What is inflammation?
Swelling, redness, itchiness or burning of the skin after an injury or a few days long (“acute”) experience such as something caused by food or alcohol, or on a more long-term (“chronic) basis, deep, sharp and resiliently present pains, cramps and aches such as backache, a throbbing knee or recurring migraines are all ways that inflammation shows up in our life.
When the body faces what it perceives as a threat or possible invader (from a splinter or any foreign object to a pathogen such as bacteria and viruses), its immune response kicks in. In its bid to protect the organism from harm, it releases proteins and antibodies and blood flow to the threatened area. Infections, toxins and injuries are confronted by the body in this way, leading to what we call inflammation.
How does inflammation affect the body and mind?
Everyone experiences various forms of acute inflammation throughout their life, as it is a natural and inevitable part of recovery, but when inflammation becomes chronic, it can wreak havoc in our life. If left unattended, long-term, slow inflammation will not magically go away. Studies have shown that it can lead to the damage of healthy organs, cells and tissues, causing tissue death, internal scarring and even damaging the DNA in healthy cells, eventually leading to illnesses like cancer and diabetes.

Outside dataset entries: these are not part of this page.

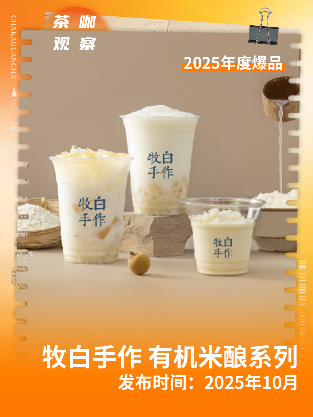 牧白手作将目光投向传统食材,10月上新的有机米酿系列,结合鲜牛乳,并搭配龙眼、抹茶等不同原料,为消费者带来了兼具传统底蕴与新式口感的独特体验。
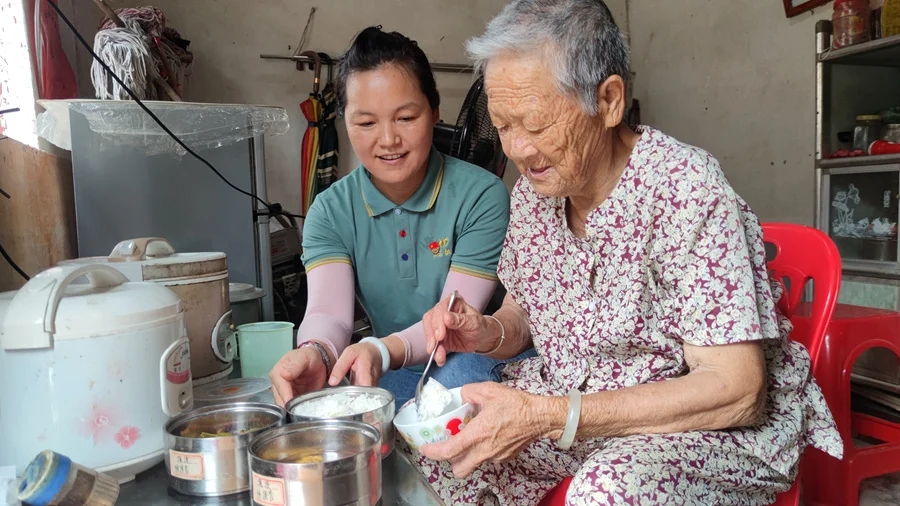 仲愷雨花公益互助會(huì)會(huì)長(zhǎng)朱慧莉(左)在入戶送餐的同時(shí),也會(huì)多陪伴長(zhǎng)者。
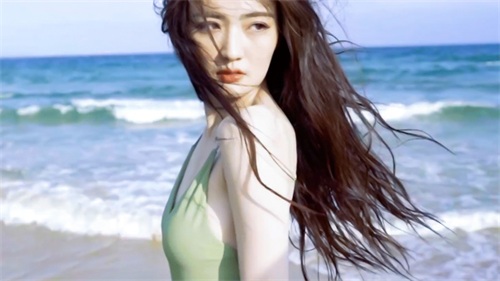 趴在海滩上的徐璐,绿色丝裤秀出水蛇腰和蜜桃臀,手托着下巴,增添几分理性的思考。
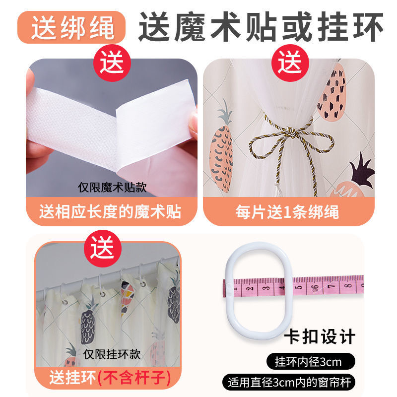 免打孔简易安装窗帘带伸缩杆全套一整套短款遮光布卧室飘窗小窗户

The effects of chronic inflammation on the brain are also particularly harmful to life-threatening; as high levels of inflammatory markers can disrupt the blood-brain barrier, neurotoxins can flood the brain and cause the creation of anomalous tissue structure, leading to brain inflammation. Common causes of inflammation include:
- High levels of stress
- Poor diet and imbalanced gut microbiome
- Autoimmune diseases, arthritis, rheumatism or gout
- Allergic reactions to environmental factos
As a result, this inflammation can cause an entire host of symptoms in both body and brain, like frequent infections, gastrointestinal disturbances, depression or anxiety, pains, chronic fatigue, sudden weight gain or loss, insomnia, cognitive and/or memory decline (often resulting in dementia or Alzheimer’s), depression, mood disturbances and anxiety.
What daily habits prevent or reverse inflammation?
Although it’s always a good idea to immediately see your doctor if you are experiencing long-term inflammation that affects you heavily, there are several things you can do to battle milder or consistent forms of inflammation. Research has shown that the following steps are key:
- Cut out or significantly regulate obvious toxins like cigarettes, alcohol and sugar. Taking any or all of these three steps has been shown to dramatically reduce inflammation-related problems within weeks.
- Introduce regular exercise into your life. Both aerobic exercise and yoga are thought to offer substantial benefits to the inflamed mind and body. Also, managing your weight (especially focusing on reducing abdominal fat) through exercise cam be a positive anti-inflammatory solution.
- Sleep tight! During sleep our body detoxifies the brain and body, bringing a new balance. Irregular or disturbed sleep can prevent this process from occurring, leading to the development or exacerbation of inflammation. Sleeping well enhances any anti-inflammatory mission.
Beating inflammation with the right diet
Throughout the ages, the diet we follow has consistently been linked to our overall mental, physical and even emotional wellbeing, and in a multitude of cases food has proven to indeed be, as Hippocrates said, medicine. A natural, chiefly organic, balanced and wholesome duet including a lot of fresh vegetables, herbs and fruits, whole grains, pulses and quality cuts of fish and meat can be a game changer when it comes to inflammation.
The top anti-inflammatory foods include tomatoes, extra virgin olive oil, nuts and seeds, leafy greens, fruits like sour cherries, blueberries and strawberries, and fatty fish. Introducing herbs and spices into your daily diet is also highly beneficial; turmeric (always used along with a little black pepper in order for it to be effective) is especially lauded as a top anti-inflammatory agent, while cinnamon, ginger, garlic, cumin and cayenne pepper are also shown to offer benefits.
Although no conclusive research has been made, intermittent fasting or periods of following a mainly vegan/plant-based fast (up to around 40 days) is a method practiced by humanity for millennia as an effective detox from inflammation-causing toxins.
As Always, drinking plenty of (ideally filtered) water and cutting down on irritants like alcohol and coffee are also conducive to fighting inflammation.
Finally, make sure that when you do consume foods that come out of packets, cans or jars, you read the ingredients carefully. Anything including added salt, sugar or glucose, preservatives and other chemicals is best avoided.